Même incompréhension de la part du conseiller municipal socialiste Grégoire Carasso: «C’est un projet fédérateur qui ne demande qu’à être déployé. Il intègre la présence des pompiers sur le site et crée du logement.» Tout en rapportant, puisque la rente annuelle de superficie que pourrait encaisser la Ville est estimée à 90 000 francs par an. D’où son étonnement de voir la demande de crédit d’étude de faisabilité renvoyée en commission des travaux. «L’étude est là pour creuser les options», rappelle celui qui signait une motion sur le sujet il y a plus de deux ans déjà.

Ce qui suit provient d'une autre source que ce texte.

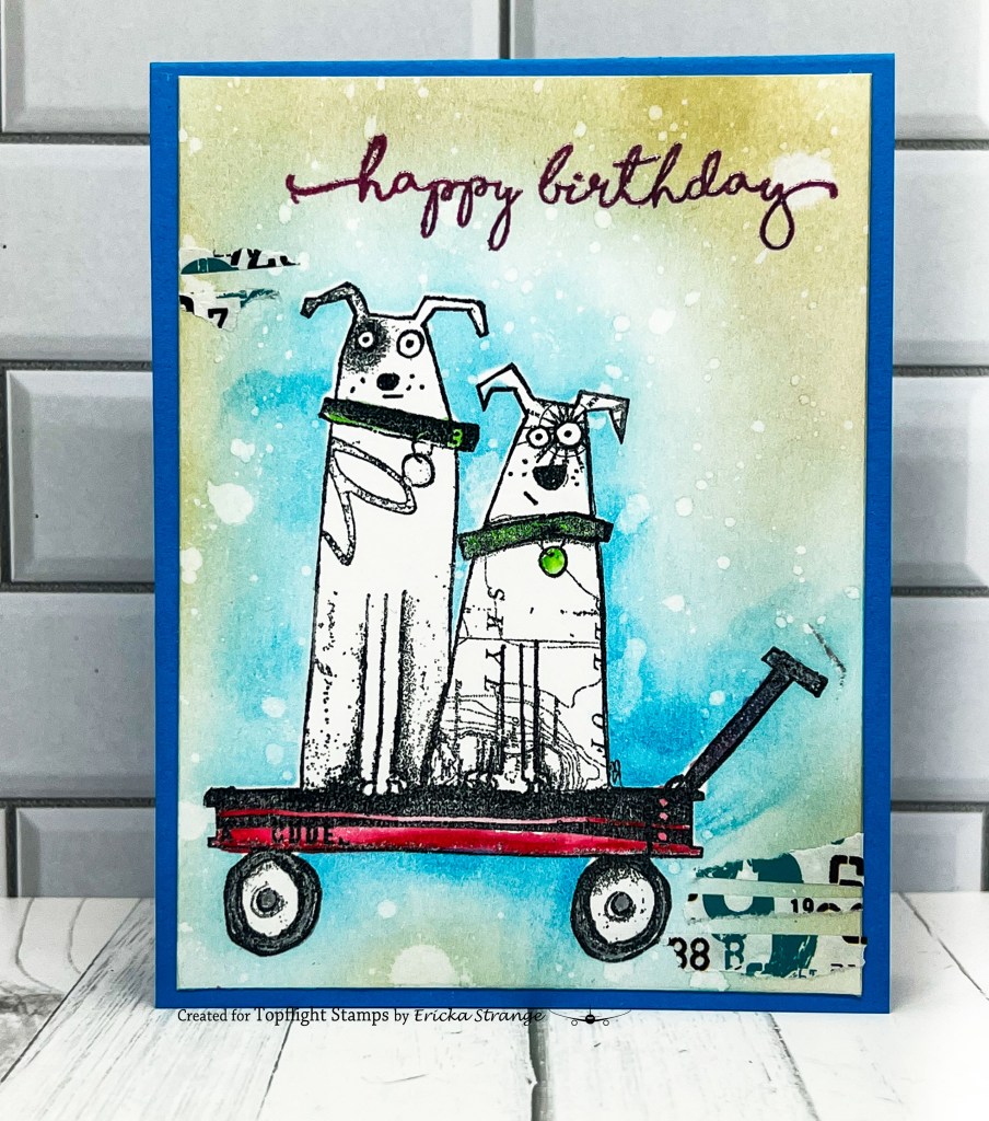 Today I thought I’d make a quick birthday card using the Waiting for Their Next Adventure stamp. These dogs are so fun and I thought I would pair them with the Visible Image Go To Words.

Pas de quoi décourager la Ciguë qui, rappelant l’énorme besoin de logements étudiants à Genève, a lancé une pétition pour que ce dossier avance. Les membres de la coopérative entendent la faire signer samedi à l’occasion de la manifestation pour le droit à la ville et au logement. «On espère que cela sensibilisera Rémy Pagani (ndlr: magistrat chargé des Constructions), qui aime bien les pétitions», conclut Aline Juon.